From the example kernel, we can see a lot of redundant move instructions in the kernel.
insertelement
and extractelement
pair which maybe optimized.I used a new the PoC branch chengjun/llvm-target-dpas-ver2
.
The 08-experimental-block-pointer.py
is used to test the performance.
matmul-performance:
M N K oneDNN Triton native Triton 2D load Triton 2D load/store
0 2048.0 512.0 512.0 3.140586 2.251800 2.832453 2.855802
1 2048.0 1024.0 1024.0 11.766426 5.636545 9.421757 9.648848
2 2048.0 2048.0 2048.0 35.201560 8.855548 23.471529 24.476085
3 2048.0 4096.0 4096.0 91.632610 10.826774 36.535730 37.672249
4 4096.0 4096.0 4096.0 130.627861 11.654737 41.180180 42.552650
5 2048.0 8192.0 8192.0 160.887734 11.540294 41.483934 42.576222
6 4096.0 8192.0 8192.0 175.409304 8.006108 43.217000 44.266945
7 8192.0 8192.0 8192.0 173.861867 6.047589 44.402908 45.352001
The performance of oneDNN upbound is ~175. The SIMT Triton kernel is ~45. Only 25% performance to oneDNN.

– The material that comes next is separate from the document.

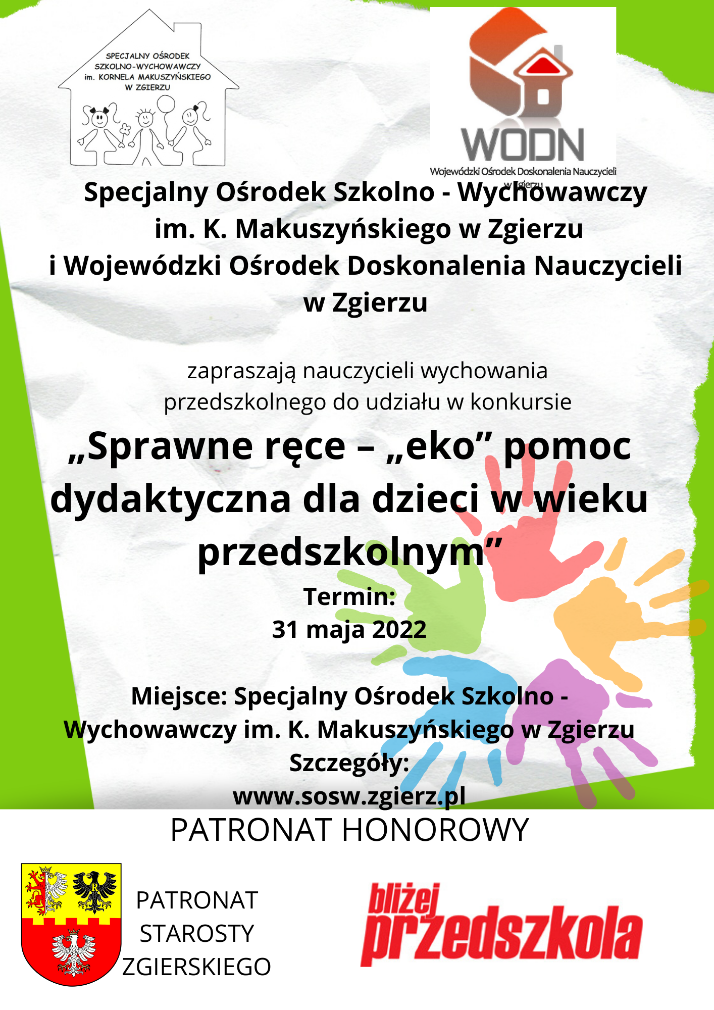 Specjalny Ośrodek Szkolno – Wychowawczy im. Kornela Makuszyńskiego w Zgierzu i Wojewódzki Ośrodek Doskonalenia Nauczycieli w Zgierzu serdecznie zapraszają nauczycieli wychowania przedszkolnego z powiatu zgierskiego do udziału w konkursie.

for the 08-experimental-block-pointer.py with gemm size 4k4k4k*fp16, with triton lowering to spirv(vc-intrinsics), the max perf is as below: 295tflops with all the optimizations: 2dload, 2dstore, 2dprefetch, etc (MLIR team 300 tflops, XeTLA 310tflops) 150tflops without prefetch
the machine info is PVC (Max 1550) EUCount = 512 ThreadCount = 4096 SliceCount = 1 SubSliceCount = 64
Hi @Dewei-Wang-sh @chengjunlu can you guys measure your respective experiments on the same GPU please. So it is easy to compare. We need:
on PVC Max 1550 EUCount = 512 ThreadCount = 4096 SliceCount = 1 SubSliceCount = 64 oneDNN : 195tflops performance for SIMD approach with (DPAS + 2D block load + 2D block store) : 150tflops performance for SIMD approach with (DPAS + 2D block load + 2D block store + prefetch) : 290tflops
The SIMT Triton GEMM performance get ~85% of oneDNN kernel in 4K 4K 4K case.
matmul-performance:
M N K oneDNN Triton 2D load/store
0 2048.0 512.0 512.0 3.129673 3.024580
1 2048.0 1024.0 1024.0 11.766426 10.957663
2 2048.0 2048.0 2048.0 35.496352 35.339673
3 2048.0 4096.0 4096.0 89.707556 79.336740
4 4096.0 4096.0 4096.0 126.444561 107.118973
5 2048.0 8192.0 8192.0 149.954023 108.694400
6 4096.0 8192.0 8192.0 176.490089 122.644700
7 8192.0 8192.0 8192.0 173.973367 129.720290
The code branches: GENX LLVM. https://github.com/chengjunlu/llvm/tree/chengjun/genx Triton. https://github.com/intel/intel-xpu-backend-for-triton/tree/chengjun/llvm-target-dpas-ver2
Things need to do :
%88 = call <64 x i16> @llvm.genx.GenISA.LSC2DBlockRead.v64i16(i64 %52, i32 %35, i32 %36, i32 %38, i32 %75, i32 %51, i32 16, i32 16, i32 32, i32 2, i1 false, i1 false, i32 0) #3, !dbg !483
%89 = call <32 x i32> @llvm.genx.GenISA.LSC2DBlockRead.v32i32(i64 %55, i32 %46, i32 %47, i32 %49, i32 %54, i32 %76, i32 16, i32 16, i32 32, i32 2, i1 false, i1 true, i32 0) #3, !dbg !486
Create a LLVMIR file that uses DPAS, 2d block read/write, and prefetch instructions to get an estimate initial performance at SIMT path.
One could use compiler to generate the LLVM IR file, but not implement the analysis portion and hard code the transformation portion as needed.